Terra Nova Insurance (UK) Holdings plc has initiated a cash tender offer to purchase $95.5 million worth of its 10.75% Senior Notes due 2005.
At the same time, the UK subsidiary is soliciting consents to eliminate substantially all restrictive covenants and certain related provisions in the indenture pursuant to which the notes were issued.
The tender offer is pre-conditioned on, among other things, the receipt of consents to proposed amendments from the holders of at least a majority in the principal amount of the notes, and the receipt of funds by the company, sufficient to pay the total consideration and expenses associated with the tender offer and consent solicitation.
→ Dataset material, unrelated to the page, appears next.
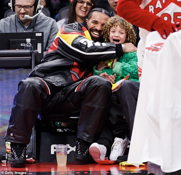 The Passionfruit rapper stood out in Toronto's Scotiabank Arena, sitting right next to the NBA action and beaming alongside his young son while dressed to the nines in a flashy jacket.

And holders who tender their notes will be required to consent to the proposed amendments.
Deputy chairman of the parent company, John Dwyer, stated: "The decision to undertake this restructuring to lock in lower interest costs complements our long term focus on profitability and prudent capital management.'' The transaction is expected to remain open until midnight New York time on May 15, unless extended. The consent solicitation will remain open until May 1 or the date on which the company receives the required consents to the proposed amendments, which ever is later.
The purchase price to be paid for each $1,000-principal amount of Notes tendered will be based on a fixed spread of 25 basis points over the yield of the 5.875 percent US Treasury Note due June 30, 2000, as calculated May 12, 1998, or if the offer is extended, the third business day prior to the expiration date, less five dollars.
The company will pay a consent payment of five dollars per $1,000-principal amount to holders who tender their Notes and give their consent at, or prior to midnight New York time on the consent date.
The consent date is the later of May 1, 1998 or the consent achievement date.
The consent achievement date is the date on which the company receives consents from holders representing a majority of the Notes to modify the indenture pursuant to which the notes were issued.
Tendered notes may be withdrawn and related consents may be revoked at any time on, or prior to, the consent achievement date, but not thereafter. The terms of the offer are more fully described in the Offer to Purchase and Consent Solicitation Statement, dated April 20.
The information agent for the offer and the solicitation is New York-based MacKenzie Partners, Inc. The dealer manager is Donaldson, Lufkin & Jenrette Securities Corp.